I have managed to get this form x= y²/3 +1
I have checked the graph from both forms and the vertex lies on (1,0)
(as shown in this graph)

The part which I am confused at is how was the vertex was solved, I am very familiar of this form y=ax²+bx+c and yet as I saw the equation I began to get confused and couldn't use the formulas used to find vertex though I tried severely here is what I got
This is my entire solution, but please do ignore x=4 since this is calculus problem though I am much concern on how to graph this new equation I just encountered, it just felt new to me i haven't encountered or recall encountering this back in analytic geometry
(i tried, im confused still)

Thank you so much and hope to get a reply soon, it will be a big help

 

[Dr.Peterson]

This is the question I've encountered
View attachment 11007

I have managed to get this form x= y²/3 +1
I have checked the graph from both forms and the vertex lies on (1,0)
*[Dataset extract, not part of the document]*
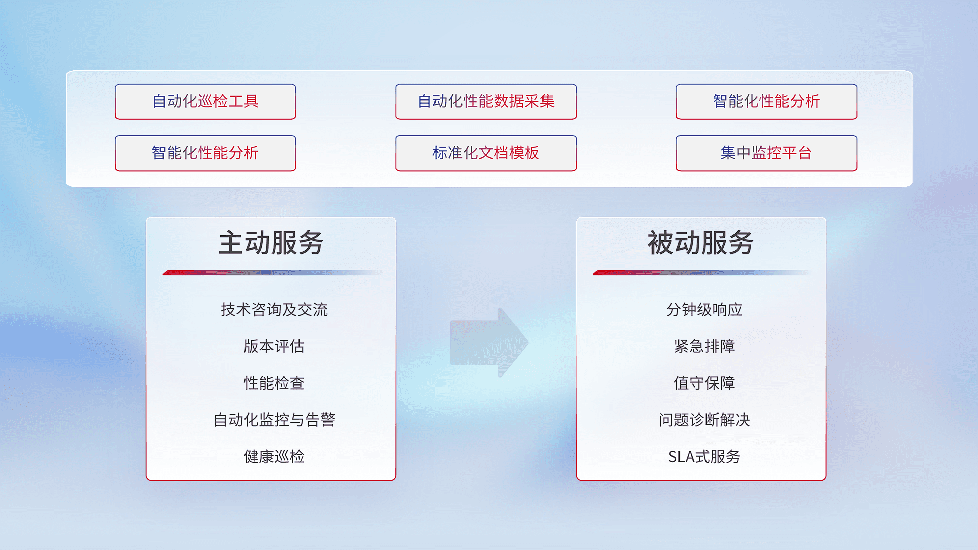 智能化工具和标准化文档,,,保障服务质量,,,提供主动服务(包含技术咨询、、、、版本评估、、、、性能检查、、自动化监控与告警、、健康巡检)和被动服务包含(分钟级响应、、、紧急排障、、、值守保障、、、问题诊断解决、、、、SLA服务)。。。。

The part which I am confused at is how was the vertex was solved, I am very familiar of this form y=ax²+bx+c and yet as I saw the equation I began to get confused and couldn't use the formulas used to find vertex though I tried severely here is what I got
This is my entire solution, but please do ignore x=4 since this is calculus problem though I am much concern on how to graph this new equation I just encountered, it just felt new to me i haven't encountered or recall encountering this back in analytic geometry
(i tried, im confused still)

Are you confused because x and y have been swapped from the form you know? Just swap x and y in your thinking.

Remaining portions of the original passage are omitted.